Problem with verification of downloaded files

#1

Hello, I tried to vertificate my download with these instructions but it didn’t go as planned.

  1. I imported the public signing key as instructed in the first part.
  2. I downloaded the files “SHA256 file” and “SHA256 file signature”
  3. I ran the command gpg --verify desktop.sha256sums.sig desktop.sha256sums

I got the following:

user@user:~/Downloads$ gpg --verify desktop.sha256sums.sig desktop.sha256sums
gpg: Signature made Fri 07 Dec 2018 10:58:25 AM EET
gpg:                using RSA key 57CE4D9CD8D276B4
gpg: Good signature from "Andrew Lyon <orthecreedence@gmail.com>" [unknown]
gpg: WARNING: This key is not certified with a trusted signature!
gpg:          There is no indication that the signature belongs to the owner.
Primary key fingerprint: DEDF 113E 5424 8344 1637  16B5 5C66 FAD1 3222 D757
     Subkey fingerprint: B25B DF8F 8BB7 7454 ACFF  BA84 57CE 4D9C D8D2 76B4

Am I doing something wrong or what’s the catch?

Just a sidenote that the sha256 from the txt-file is matching with my download. And I’m running Linux.

Thanks for your time.

#2

Another Linux user here.

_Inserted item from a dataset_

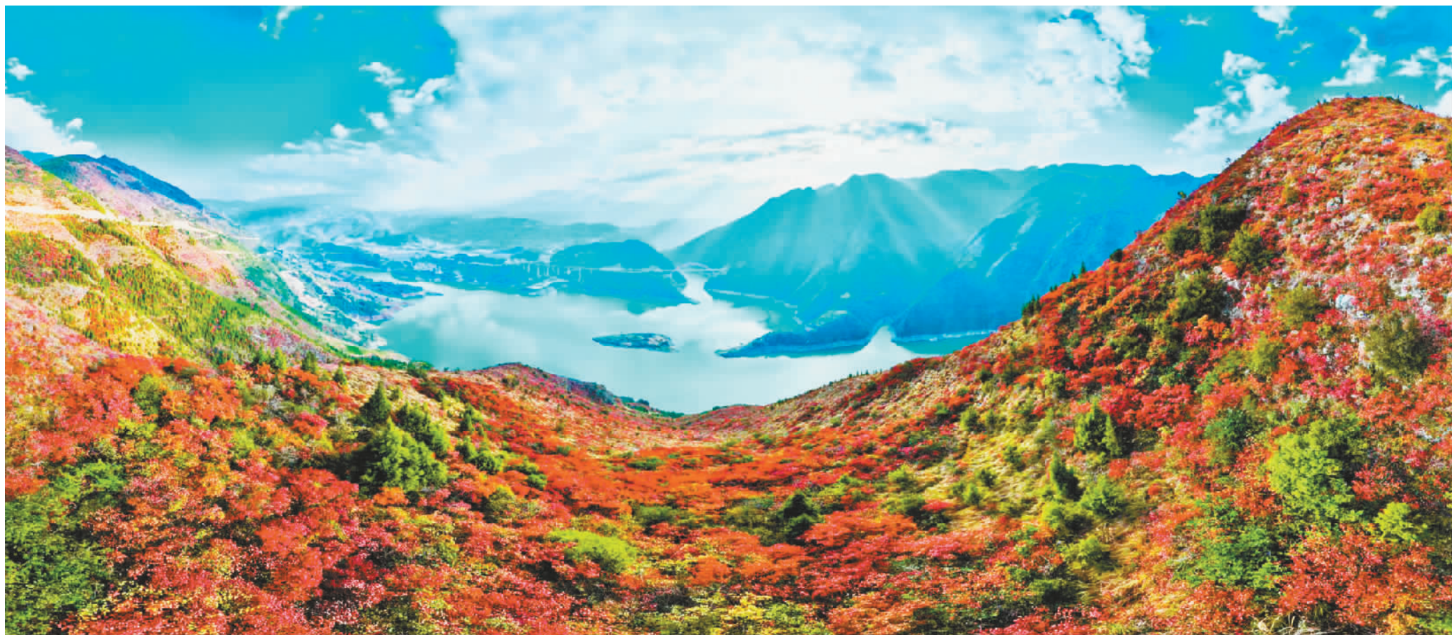
巫峡大地,漫山红遍、层林尽染。汪长征 摄

每年11月下旬到次年1月,长江巫峡两岸,红叶由高到低与碧水、险峰完美组合,构成一幅独一无二的画卷。久未外出的朋友们,巫峡“百十里红毯”已铺就,一起去打卡吧!

I noticed this too. Yeah, the sha256 matches, but that signature is super sketchy.

#3

Hi, maintainer of the Turtl project here. I can confirm that my key’s signature is DEDF113E54248344163716B55C66FAD13222D757

#4

Thank you for the clarification. Do you know what might be reason for this output?

#5

Good question, I didn’t know so I looked it up:

Apparently, it means you have not explicitely trusted the key, and you do not trust any keys that have signed my key, effectively meaning that the key could belong to anybody claiming to have my name and email.

#6

Ah! Okay, that explains it. Thank you very much. And thank you also for the awesome software, will definitely support with premium account when it’s available.